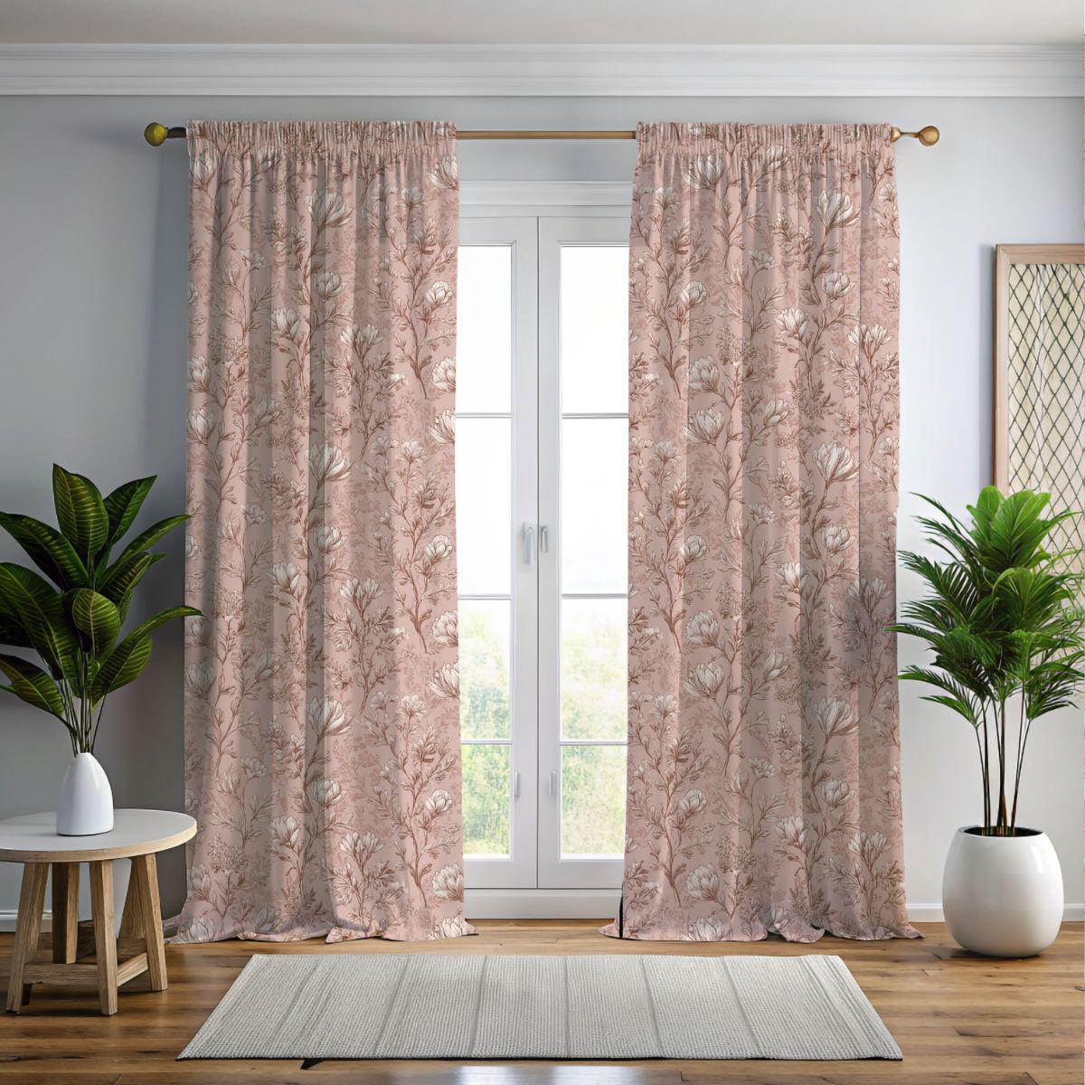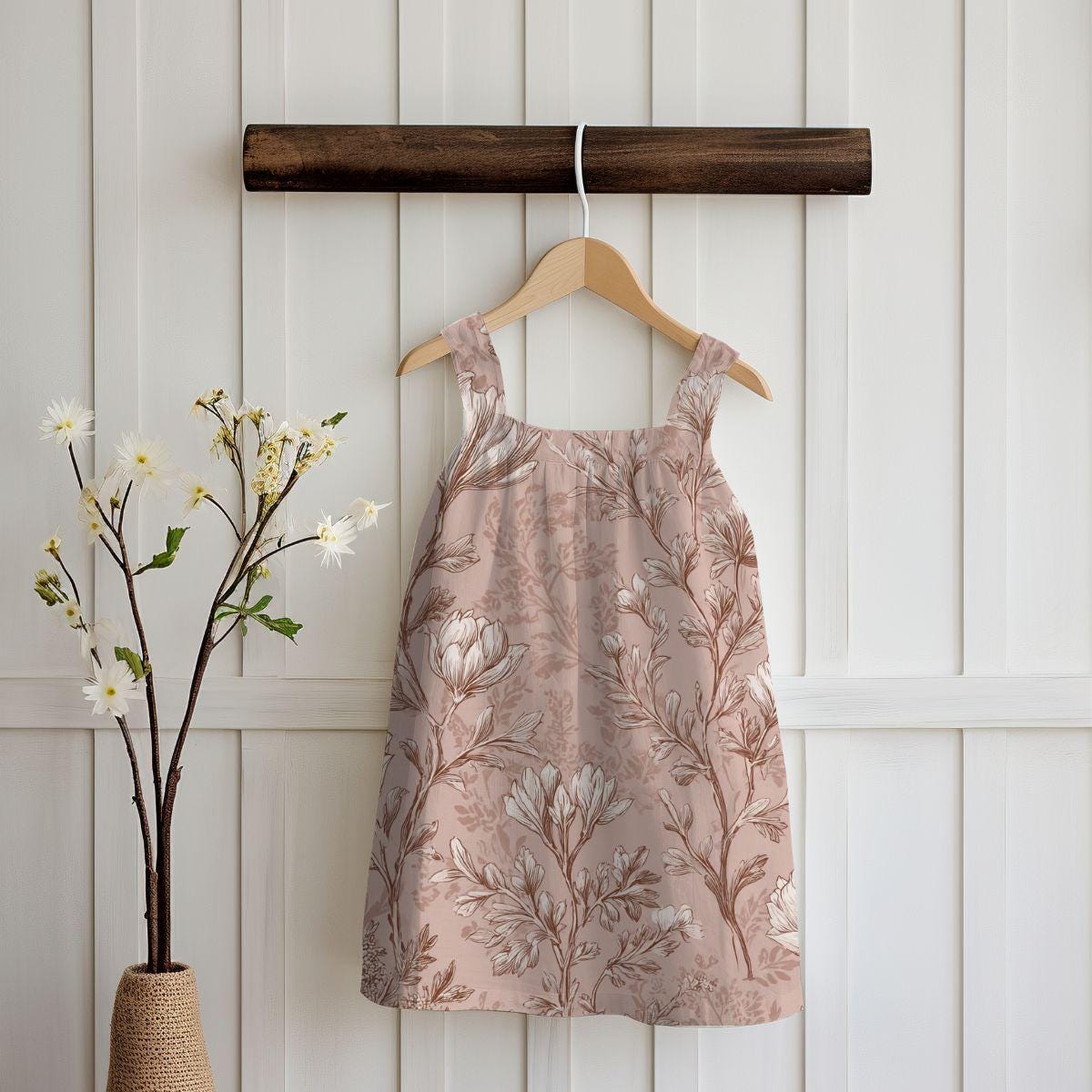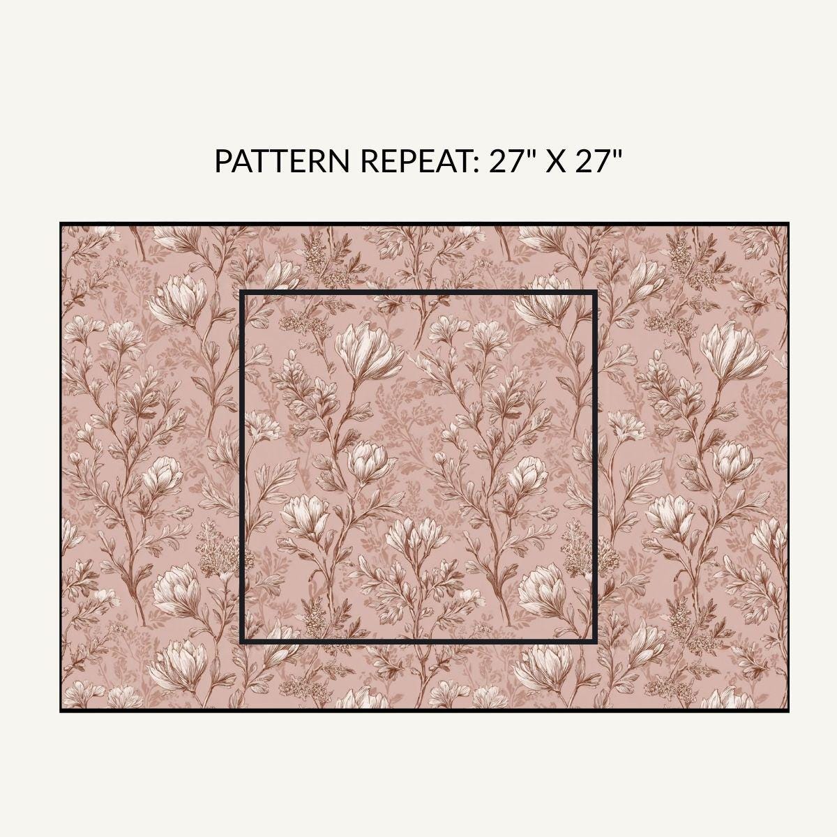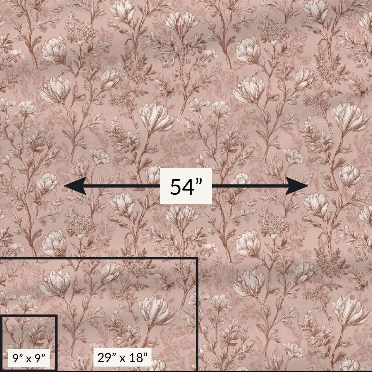 - Fine, vintage-style floral print on a dusty-rose background
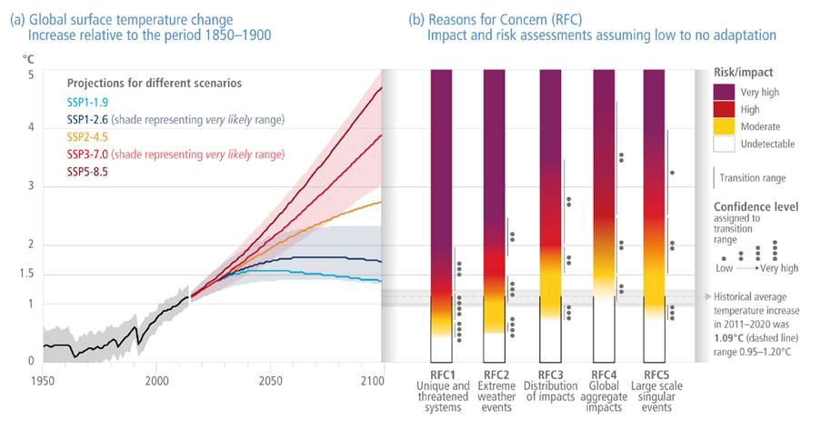 Figure 1. Summary of reasons for concern. Taken from IPCC WG2 AR6 figure SPM-3. (a) Global surface temperature changes in °C relative to 1850–1900; (b) The Reasons for Concern framework communicates scientific understanding about accrual of risk for five broad categories.
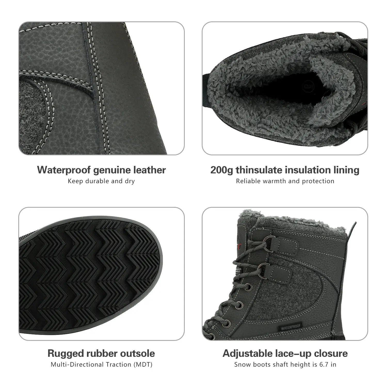 These men's waterproof snow boots are ideal for outdoor and indoor activities. Perfect for skiing, snowmobiling, fishing, mountaineering, camping, and more. Embrace nature and life-changing moments with easy stability. đïž
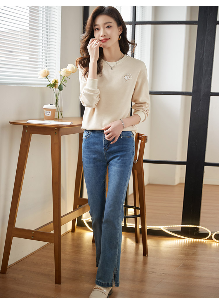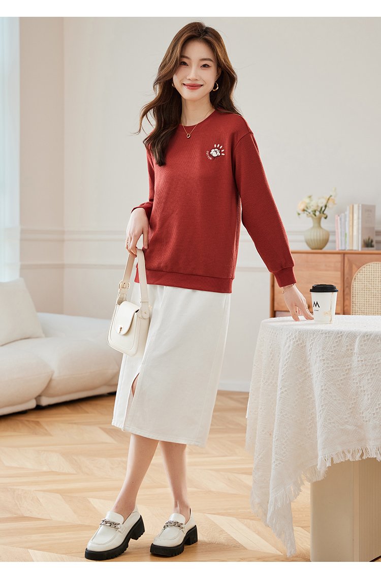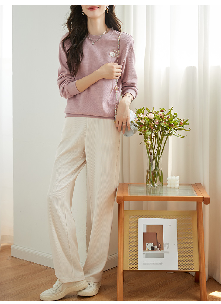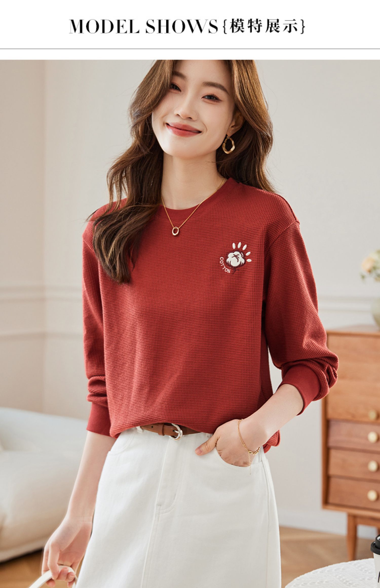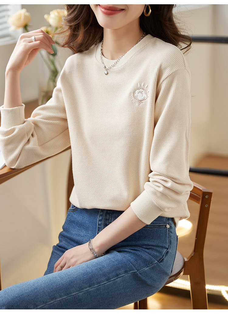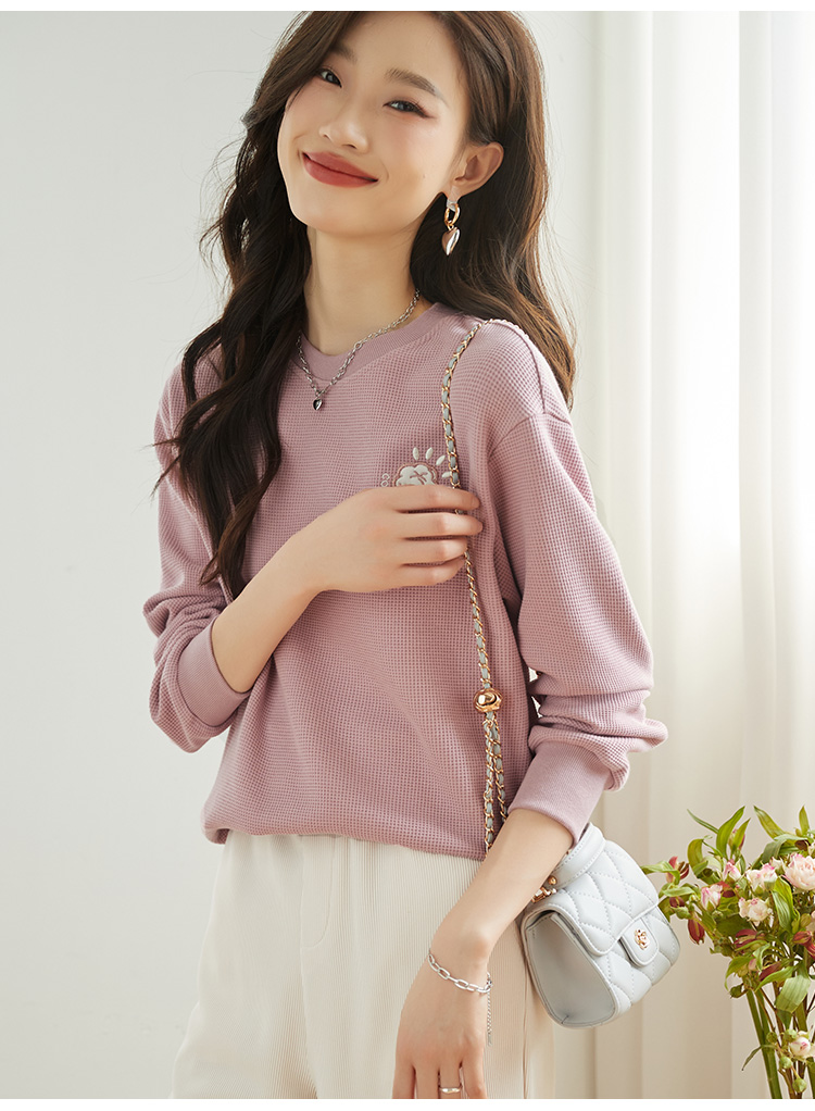 【年终特卖】熙世界华夫格卫衣女宽松休闲减龄小个子无帽圆领上衣2025秋新款

======

■ **TASK GOAL**
Pictures are not part of the copy. Restate everything else in the listing word for word.

■ **WRITTEN ANSWER**
 - Fine, vintage-style floral print on a dusty-rose background
 Figure 1. Summary of reasons for concern. Taken from IPCC WG2 AR6 figure SPM-3. (a) Global surface temperature changes in °C relative to 1850–1900; (b) The Reasons for Concern framework communicates scientific understanding about accrual of risk for five broad categories.
 These men's waterproof snow boots are ideal for outdoor and indoor activities. Perfect for skiing, snowmobiling, fishing, mountaineering, camping, and more. Embrace nature and life-changing moments with easy stability. đïž
 【年终特卖】熙世界华夫格卫衣女宽松休闲减龄小个子无帽圆领上衣2025秋新款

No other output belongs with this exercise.